Cette politique a commencé à porter ses fruits :
d'où le réveil du port de Lomé.
Les tristes évènements de Côte d'Ivoire ont
en outre détourné d'Abidjan, au profit des autres
ports ouest-africains, une bonne partie des échanges à
destination des pays enclavés du Sahel (Burkina, Niger,
Mali
). Le port autonome en eau profonde de Lomé assure
environ 90% des échanges commerciaux du Togo. Ceux-ci avaient
connu une baisse drastique, en raison des évènements
difficiles que notre pays a traversés dans les années
quatre-vingt-dix. Mais aujourd'hui, avec le climat de paix qui
règne, la reprise a été ferme et le port
devient de plus en plus sollicité.
Les perspectives de croissance significative du trafic au port
de Lomé sont intimement liées à ses nombreux
atouts : sécurité et facilité des transactions
; conditions maritimes exceptionnelles, grâce à de
très faibles marées ; niveau des quais des tirants
d'eau admissible allant de 9,5 à 12 mètres.
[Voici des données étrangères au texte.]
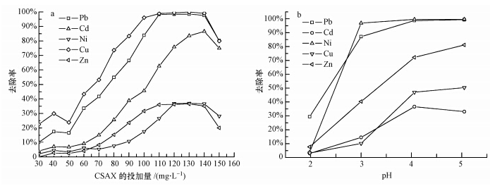 取質量濃度相同(均為25 mg · L-1)的Cd(Ⅱ)、Cu(Ⅱ)、Ni(Ⅱ)、Pb(Ⅱ)、Zn(Ⅱ)混合離子水樣,調節pH為6.0,投加不同量的CSAX,或固定CSAX投加量,調節pH為不同值,進行絮凝實驗,結果如圖 6所示.

Les navires accostent directement à quai dès leur
arrivée ; les opérations de chargement et de déchargement
commencent aussitôt ; les mouvements de marchandises à
l'intérieur du port franc sont fluides, sans restriction
aucune des services de douane. Ces conditions assurent un transit
maritime très court aux navires et aux frets, réduisant
ainsi les coûts d'escale et les coûts de passage portuaire.
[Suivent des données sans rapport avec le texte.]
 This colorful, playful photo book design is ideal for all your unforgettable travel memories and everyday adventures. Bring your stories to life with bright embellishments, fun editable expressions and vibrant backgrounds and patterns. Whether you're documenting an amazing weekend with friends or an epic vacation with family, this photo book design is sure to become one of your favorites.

Ce sont ces considérations politiques et techniques qui
expliquent en partie la reprise des activités portuaires.
Des facilités supplémentaires adoptées par
les autorités portuaires (entrepôts réservés
à des pays de l'hinterland, transport des marchandises
à la frontière dans des délais records, etc.)
permettent d'envisager l'avenir avec sérénité.